> **Items from a dataset**:
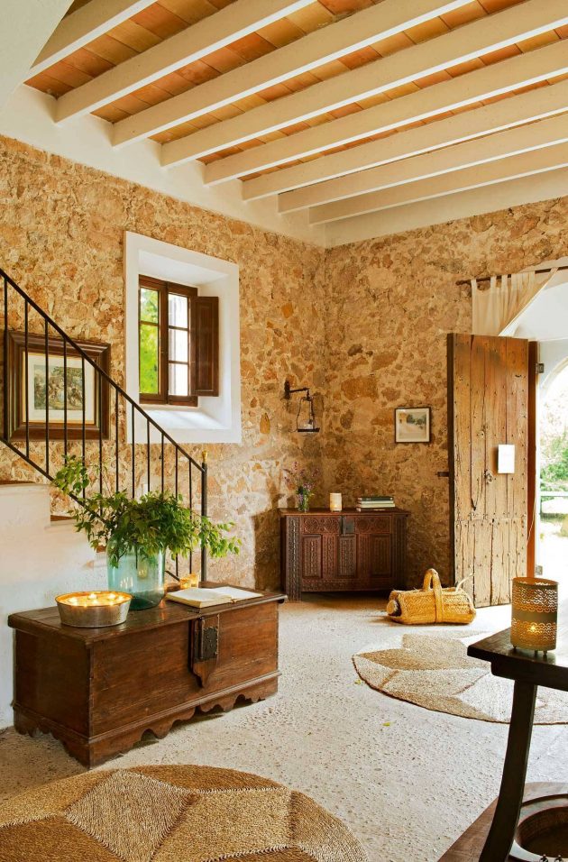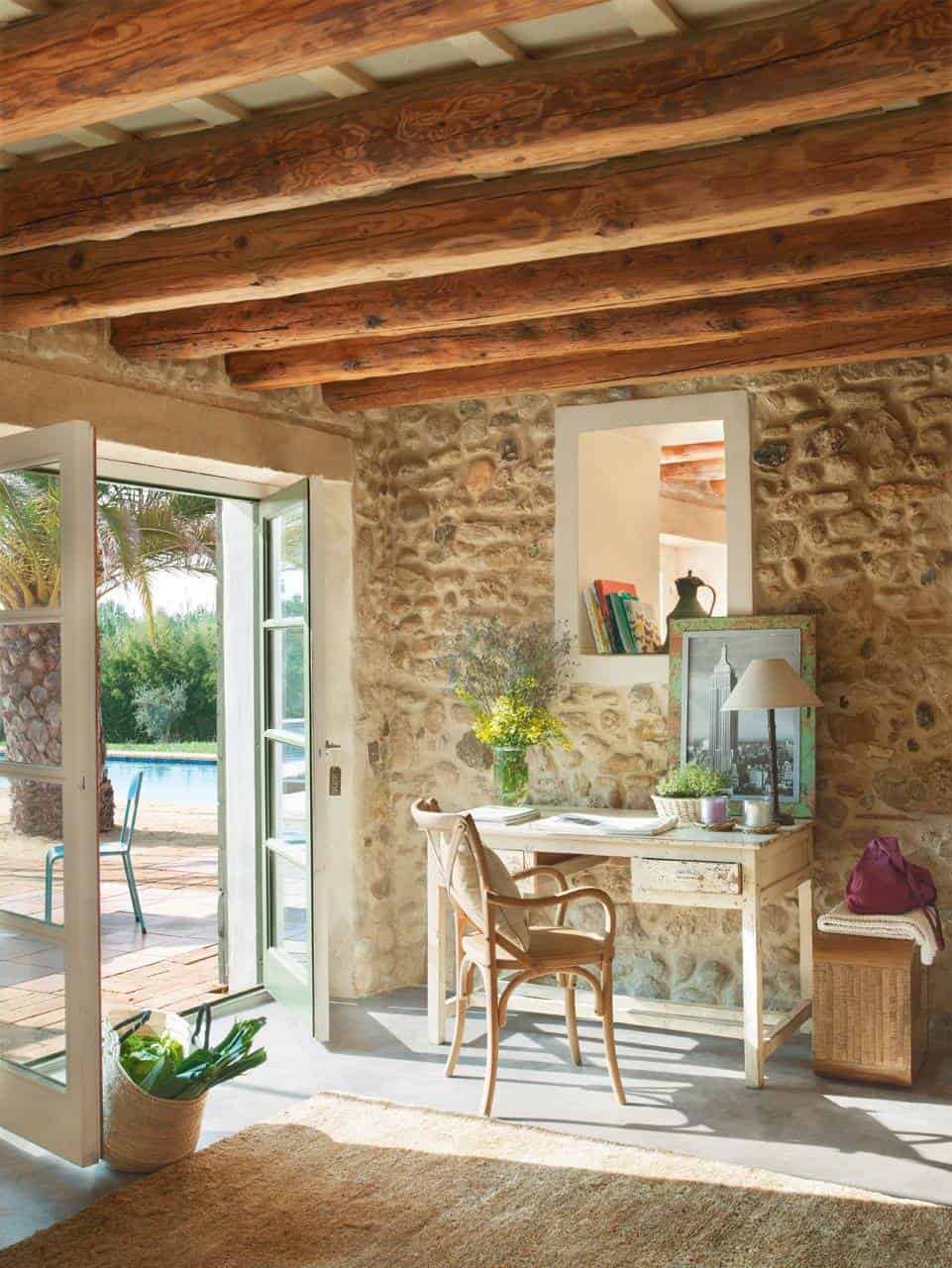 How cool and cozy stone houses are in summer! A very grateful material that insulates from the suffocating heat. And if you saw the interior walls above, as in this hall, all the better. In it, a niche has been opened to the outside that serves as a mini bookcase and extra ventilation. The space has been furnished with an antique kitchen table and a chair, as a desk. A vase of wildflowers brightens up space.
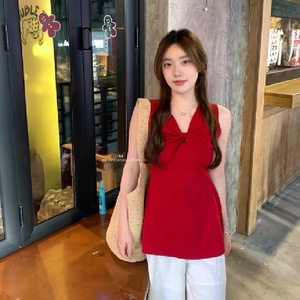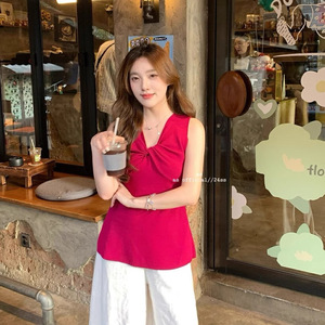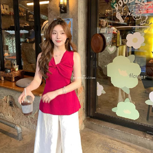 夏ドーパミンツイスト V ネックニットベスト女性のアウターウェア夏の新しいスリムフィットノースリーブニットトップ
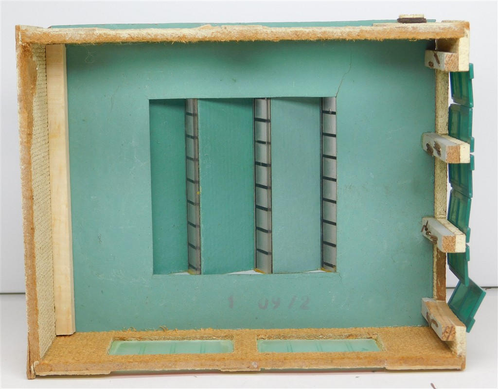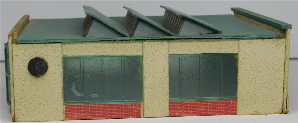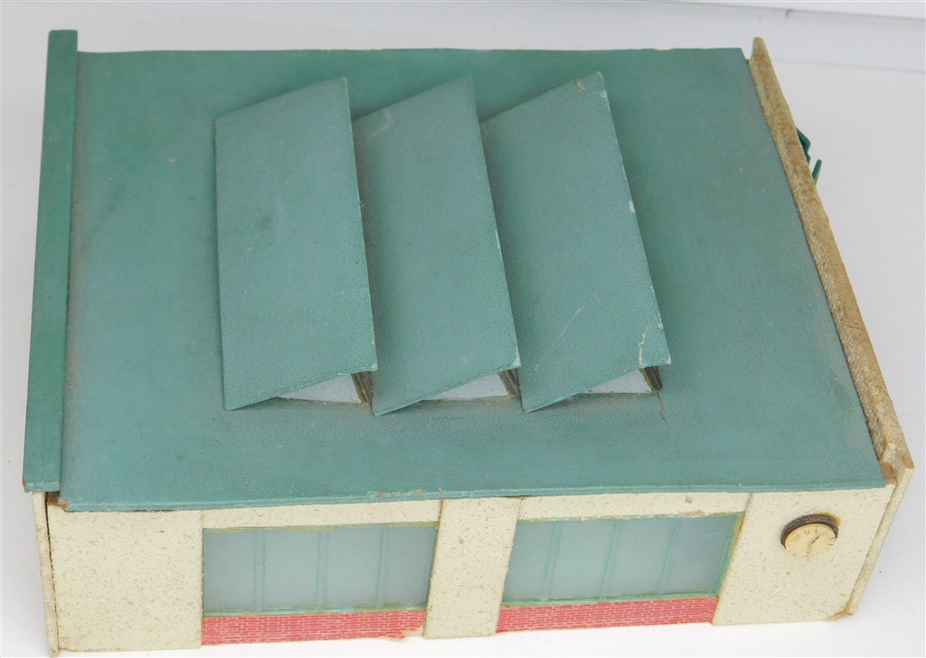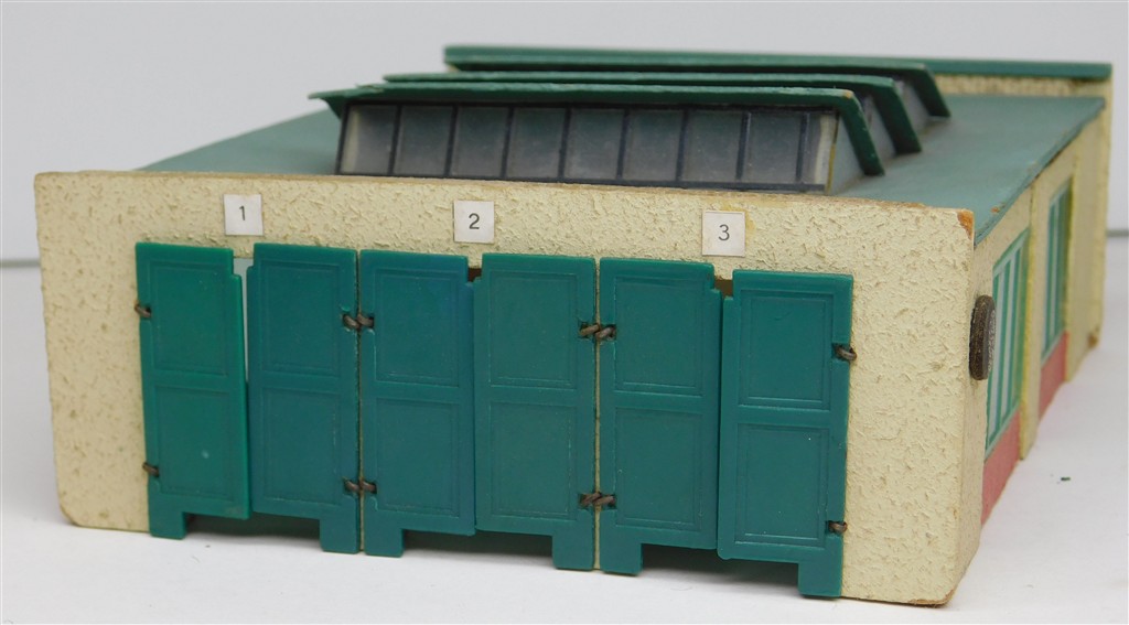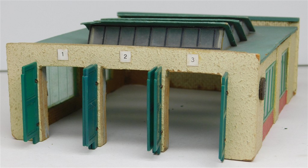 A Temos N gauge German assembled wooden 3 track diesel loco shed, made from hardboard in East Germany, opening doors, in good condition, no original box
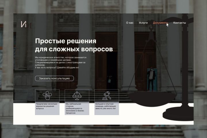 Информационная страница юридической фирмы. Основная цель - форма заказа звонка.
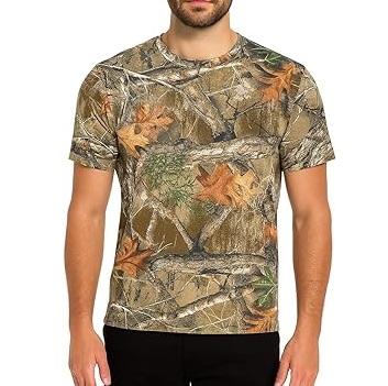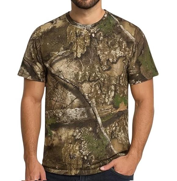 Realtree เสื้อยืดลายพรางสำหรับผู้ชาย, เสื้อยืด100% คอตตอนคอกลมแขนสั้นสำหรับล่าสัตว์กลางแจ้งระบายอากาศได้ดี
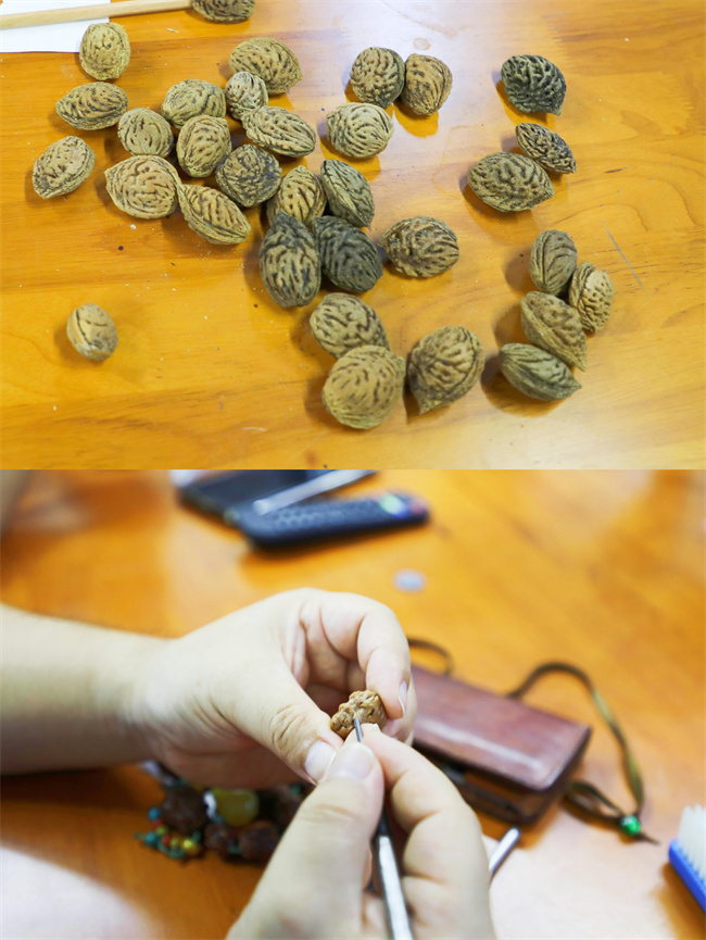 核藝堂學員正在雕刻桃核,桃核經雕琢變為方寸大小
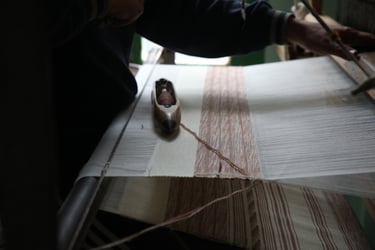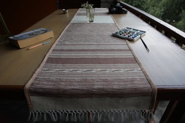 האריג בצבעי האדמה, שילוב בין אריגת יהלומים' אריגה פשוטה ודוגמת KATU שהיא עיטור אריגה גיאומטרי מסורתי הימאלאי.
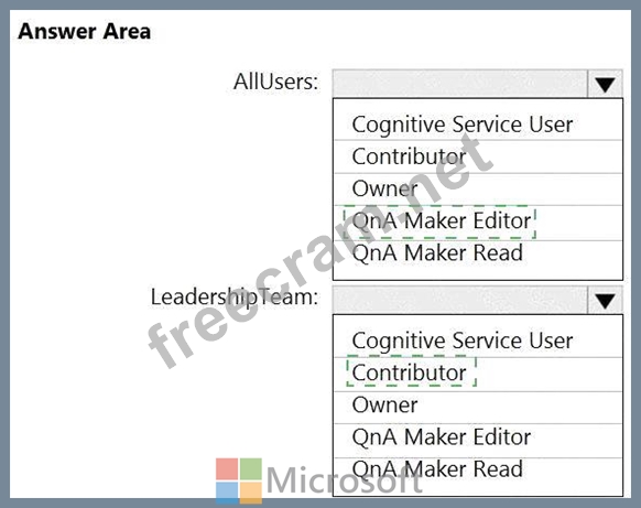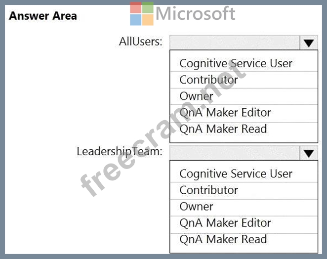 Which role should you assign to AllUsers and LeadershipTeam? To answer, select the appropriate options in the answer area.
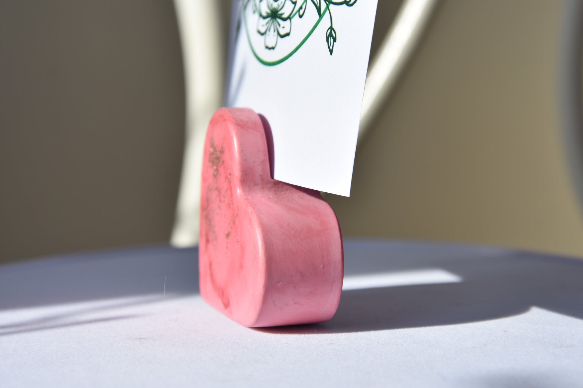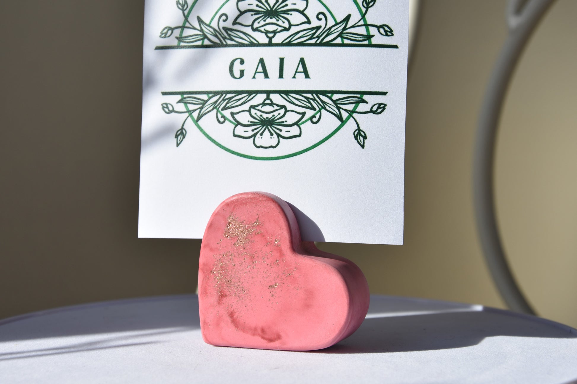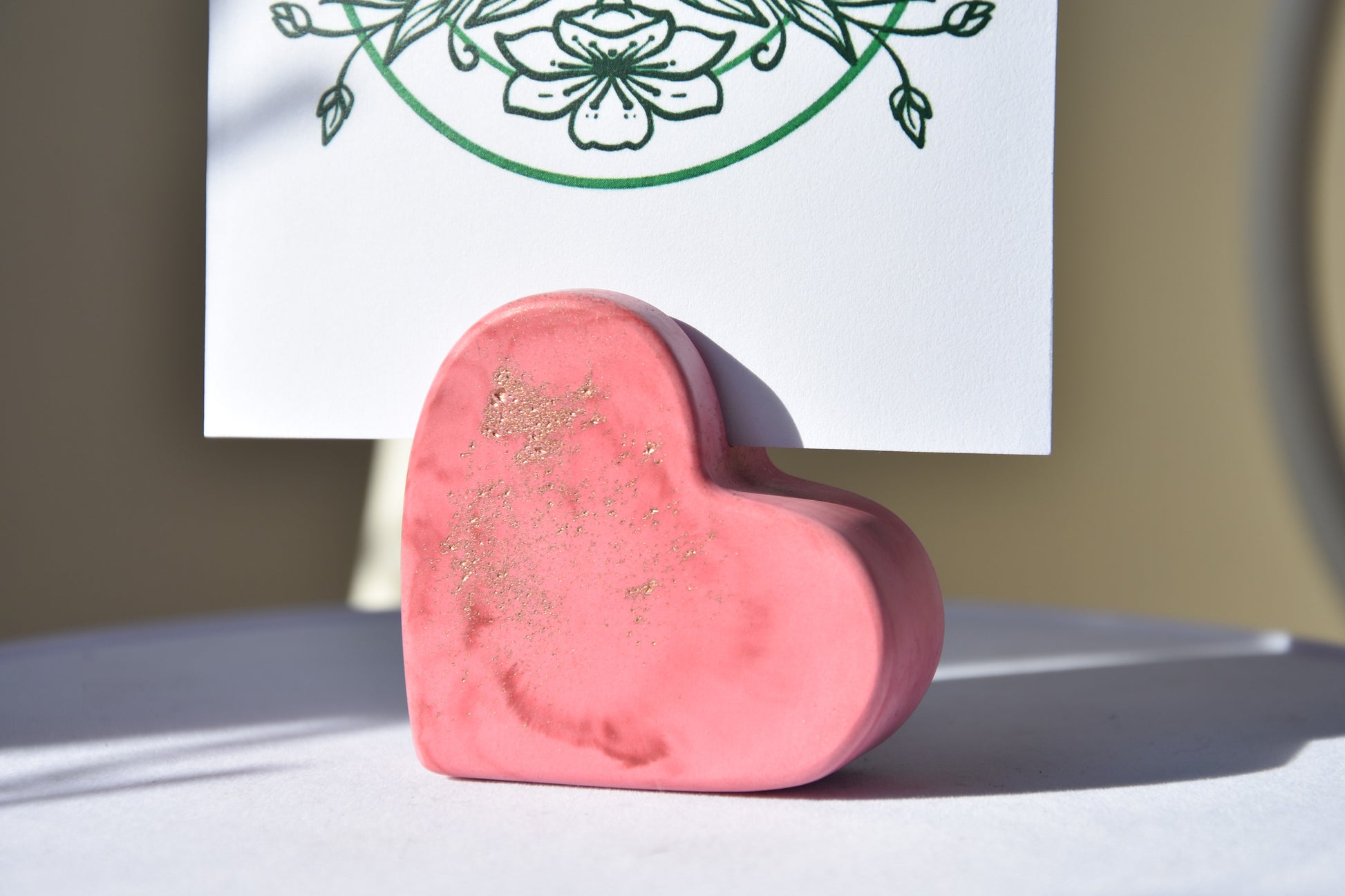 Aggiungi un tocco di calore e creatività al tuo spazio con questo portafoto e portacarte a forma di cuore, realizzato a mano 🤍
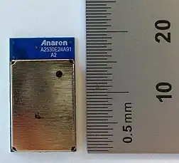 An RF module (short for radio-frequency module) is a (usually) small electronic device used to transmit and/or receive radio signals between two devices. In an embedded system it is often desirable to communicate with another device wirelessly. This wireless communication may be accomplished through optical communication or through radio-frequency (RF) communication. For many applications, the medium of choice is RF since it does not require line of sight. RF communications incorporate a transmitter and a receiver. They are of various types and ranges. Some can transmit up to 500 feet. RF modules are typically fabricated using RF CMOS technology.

> **REQUIRED WORK**:
Only the lines from the line with "Which role should" through the end of the entries above, copied exactly and with both ends included, belong in the response; the pictures do not.

> **ANSWER BELOW**:
 Which role should you assign to AllUsers and LeadershipTeam? To answer, select the appropriate options in the answer area.
 Aggiungi un tocco di calore e creatività al tuo spazio con questo portafoto e portacarte a forma di cuore, realizzato a mano 🤍
 An RF module (short for radio-frequency module) is a (usually) small electronic device used to transmit and/or receive radio signals between two devices. In an embedded system it is often desirable to communicate with another device wirelessly. This wireless communication may be accomplished through optical communication or through radio-frequency (RF) communication. For many applications, the medium of choice is RF since it does not require line of sight. RF communications incorporate a transmitter and a receiver. They are of various types and ranges. Some can transmit up to 500 feet. RF modules are typically fabricated using RF CMOS technology.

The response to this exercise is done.